- Work item
Every line of the data is to be output verbatim.

- Exercise data
★ ★ ★

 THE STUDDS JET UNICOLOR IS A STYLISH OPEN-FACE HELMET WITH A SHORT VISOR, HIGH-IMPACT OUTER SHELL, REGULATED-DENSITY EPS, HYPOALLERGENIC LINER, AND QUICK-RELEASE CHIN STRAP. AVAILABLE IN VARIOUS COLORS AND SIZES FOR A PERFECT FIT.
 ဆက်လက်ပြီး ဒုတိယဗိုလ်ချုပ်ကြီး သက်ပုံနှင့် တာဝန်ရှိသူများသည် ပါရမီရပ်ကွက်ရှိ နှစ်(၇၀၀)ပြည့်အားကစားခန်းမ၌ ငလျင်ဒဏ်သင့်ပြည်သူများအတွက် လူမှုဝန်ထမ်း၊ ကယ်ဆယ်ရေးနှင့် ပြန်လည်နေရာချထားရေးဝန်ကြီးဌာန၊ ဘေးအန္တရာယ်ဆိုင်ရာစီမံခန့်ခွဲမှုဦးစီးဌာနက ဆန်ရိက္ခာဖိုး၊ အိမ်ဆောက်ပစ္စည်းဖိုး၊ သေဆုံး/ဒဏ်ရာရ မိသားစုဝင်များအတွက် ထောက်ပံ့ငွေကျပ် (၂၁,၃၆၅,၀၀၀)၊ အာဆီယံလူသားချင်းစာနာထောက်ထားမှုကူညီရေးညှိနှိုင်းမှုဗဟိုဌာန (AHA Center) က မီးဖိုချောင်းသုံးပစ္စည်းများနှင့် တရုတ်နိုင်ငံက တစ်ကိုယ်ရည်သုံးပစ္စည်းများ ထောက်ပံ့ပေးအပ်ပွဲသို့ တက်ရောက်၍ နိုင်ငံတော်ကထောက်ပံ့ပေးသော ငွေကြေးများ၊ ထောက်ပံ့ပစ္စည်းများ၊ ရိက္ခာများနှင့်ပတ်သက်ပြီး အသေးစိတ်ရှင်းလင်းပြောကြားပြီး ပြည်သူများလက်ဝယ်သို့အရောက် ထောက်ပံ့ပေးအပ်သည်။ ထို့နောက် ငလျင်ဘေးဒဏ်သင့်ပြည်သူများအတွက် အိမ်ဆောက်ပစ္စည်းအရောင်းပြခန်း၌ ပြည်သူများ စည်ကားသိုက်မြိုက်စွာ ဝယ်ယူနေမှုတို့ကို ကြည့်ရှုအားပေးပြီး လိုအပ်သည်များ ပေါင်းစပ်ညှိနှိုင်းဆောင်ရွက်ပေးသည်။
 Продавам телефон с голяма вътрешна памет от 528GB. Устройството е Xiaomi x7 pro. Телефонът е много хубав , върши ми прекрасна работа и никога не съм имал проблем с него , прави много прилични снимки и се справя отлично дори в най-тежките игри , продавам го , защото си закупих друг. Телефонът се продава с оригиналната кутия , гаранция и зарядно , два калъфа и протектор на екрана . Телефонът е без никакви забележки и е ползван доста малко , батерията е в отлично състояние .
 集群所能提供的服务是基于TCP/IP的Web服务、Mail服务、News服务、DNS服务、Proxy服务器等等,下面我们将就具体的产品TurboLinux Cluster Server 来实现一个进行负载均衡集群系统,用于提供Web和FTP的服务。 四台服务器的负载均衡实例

★ ★ ★

- Task response
 THE STUDDS JET UNICOLOR IS A STYLISH OPEN-FACE HELMET WITH A SHORT VISOR, HIGH-IMPACT OUTER SHELL, REGULATED-DENSITY EPS, HYPOALLERGENIC LINER, AND QUICK-RELEASE CHIN STRAP. AVAILABLE IN VARIOUS COLORS AND SIZES FOR A PERFECT FIT.
 ဆက်လက်ပြီး ဒုတိယဗိုလ်ချုပ်ကြီး သက်ပုံနှင့် တာဝန်ရှိသူများသည် ပါရမီရပ်ကွက်ရှိ နှစ်(၇၀၀)ပြည့်အားကစားခန်းမ၌ ငလျင်ဒဏ်သင့်ပြည်သူများအတွက် လူမှုဝန်ထမ်း၊ ကယ်ဆယ်ရေးနှင့် ပြန်လည်နေရာချထားရေးဝန်ကြီးဌာန၊ ဘေးအန္တရာယ်ဆိုင်ရာစီမံခန့်ခွဲမှုဦးစီးဌာနက ဆန်ရိက္ခာဖိုး၊ အိမ်ဆောက်ပစ္စည်းဖိုး၊ သေဆုံး/ဒဏ်ရာရ မိသားစုဝင်များအတွက် ထောက်ပံ့ငွေကျပ် (၂၁,၃၆၅,၀၀၀)၊ အာဆီယံလူသားချင်းစာနာထောက်ထားမှုကူညီရေးညှိနှိုင်းမှုဗဟိုဌာန (AHA Center) က မီးဖိုချောင်းသုံးပစ္စည်းများနှင့် တရုတ်နိုင်ငံက တစ်ကိုယ်ရည်သုံးပစ္စည်းများ ထောက်ပံ့ပေးအပ်ပွဲသို့ တက်ရောက်၍ နိုင်ငံတော်ကထောက်ပံ့ပေးသော ငွေကြေးများ၊ ထောက်ပံ့ပစ္စည်းများ၊ ရိက္ခာများနှင့်ပတ်သက်ပြီး အသေးစိတ်ရှင်းလင်းပြောကြားပြီး ပြည်သူများလက်ဝယ်သို့အရောက် ထောက်ပံ့ပေးအပ်သည်။ ထို့နောက် ငလျင်ဘေးဒဏ်သင့်ပြည်သူများအတွက် အိမ်ဆောက်ပစ္စည်းအရောင်းပြခန်း၌ ပြည်သူများ စည်ကားသိုက်မြိုက်စွာ ဝယ်ယူနေမှုတို့ကို ကြည့်ရှုအားပေးပြီး လိုအပ်သည်များ ပေါင်းစပ်ညှိနှိုင်းဆောင်ရွက်ပေးသည်။
 Продавам телефон с голяма вътрешна памет от 528GB. Устройството е Xiaomi x7 pro. Телефонът е много хубав , върши ми прекрасна работа и никога не съм имал проблем с него , прави много прилични снимки и се справя отлично дори в най-тежките игри , продавам го , защото си закупих друг. Телефонът се продава с оригиналната кутия , гаранция и зарядно , два калъфа и протектор на екрана . Телефонът е без никакви забележки и е ползван доста малко , батерията е в отлично състояние .
 集群所能提供的服务是基于TCP/IP的Web服务、Mail服务、News服务、DNS服务、Proxy服务器等等,下面我们将就具体的产品TurboLinux Cluster Server 来实现一个进行负载均衡集群系统,用于提供Web和FTP的服务。 四台服务器的负载均衡实例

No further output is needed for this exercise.